# Can we display a third amenity?



## RAQ (Apr 4, 2018)

_*POKE ---> POKE ---> Developers...*_

Hiya!

Any chance we can get an expansion on our camp site to display a third... maybe even a fourth amenity?  

Plenty of room to the right side... maybe you guys can chop some trees down?

You guys have given us plenty of amenities to choose from... yet a little sad we can only display 2 at a time (1 if the other lot is currently being built / refurbished)

Thanks in advance!


----------



## TykiButterfree (Apr 7, 2018)

Right? There are so many cool amenities and I am sure a third one could fit in the middle if the other two were moved out a bit.


----------



## J087 (Apr 7, 2018)

Pretty certain The Bell Tree platform doesn't own the rights to Pocket Camp.
Better contact Nintendo.


----------



## RAQ (Apr 8, 2018)

J087 said:


> Pretty certain The Bell Tree platform doesn't own the rights to Pocket Camp.
> Better contact Nintendo.



There was an easy way to contact / suggest within the game... that option is no longer available.

Was it just there for the first couple of months after launch just to see what people "liked" or "disliked" ???

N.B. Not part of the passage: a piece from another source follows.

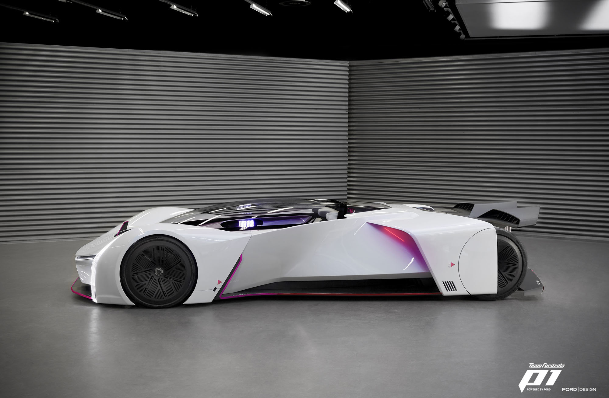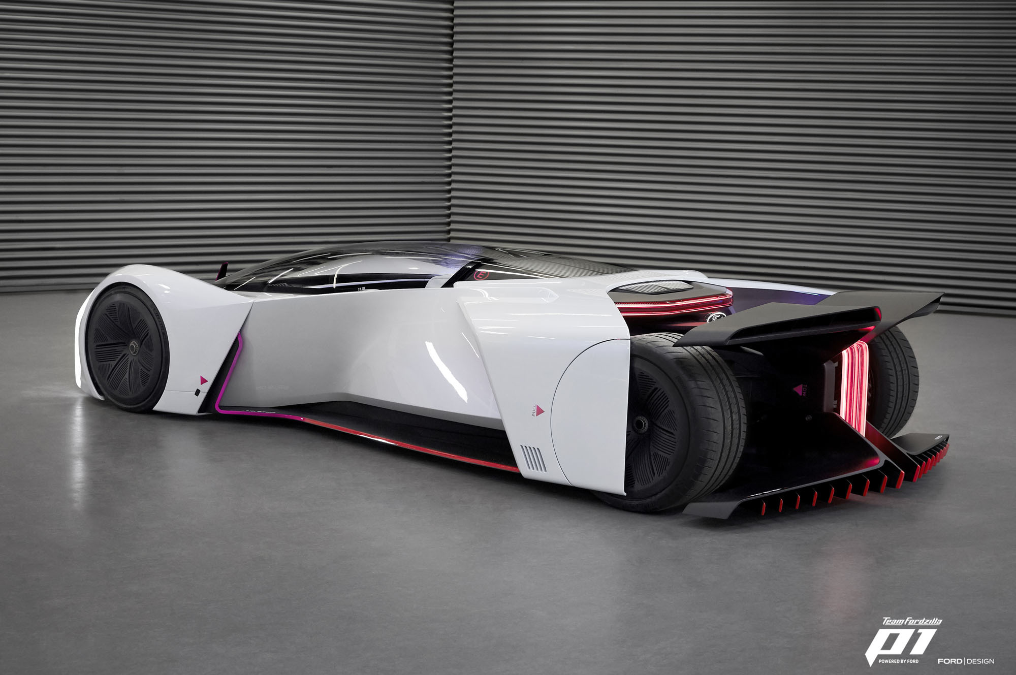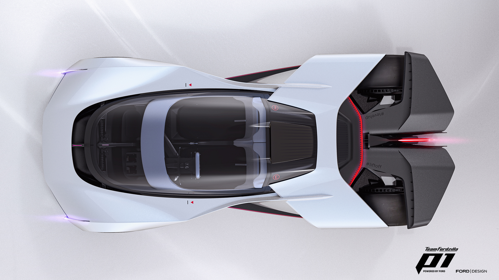 Этот суперкар с учётом пожеланий фордовской киберспортивной команды Team Fordzilla и сотен тысяч фанатов разработали (в первую очередь) дизайнеры компании: Артуро Ариньо (экстерьер) и Роберт Энгельманн (интерьер). Кстати, в сентябре, когда задумку демонстрировали лишь в компьютерном виде, салон фордовцы не показывали, его просто не было. А получилось всё эффектно. Приземистая машина прежде всего делает ставку на аэродинамику. Воздуховоды в задней части кузова и контрфорсы, идущие дугами от прозрачного колпака к задним крыльям, — явная отсылка к суперкару Ford GT.

Or did they just disable that option for me because I was sending them a lot of suggestions


----------



## ~Unicorn~ (Apr 8, 2018)

you’re kinda acting like the forums own pocket camp? lol

the staff aren’t the “developers” so just contact nintendo. they should have customer service.


----------



## RAQ (Apr 8, 2018)

~Unicorn~ said:


> you’re kinda acting like the forums own pocket camp? lol
> 
> the staff aren’t the “developers” so just contact nintendo. they should have customer service.



Honest mistake... some forums have a system where player suggestions are sent directly to developers or the developers themselves kept track and are members of the forum

Apparently, this isn't the case here.  Sorry for the inconvenience people


----------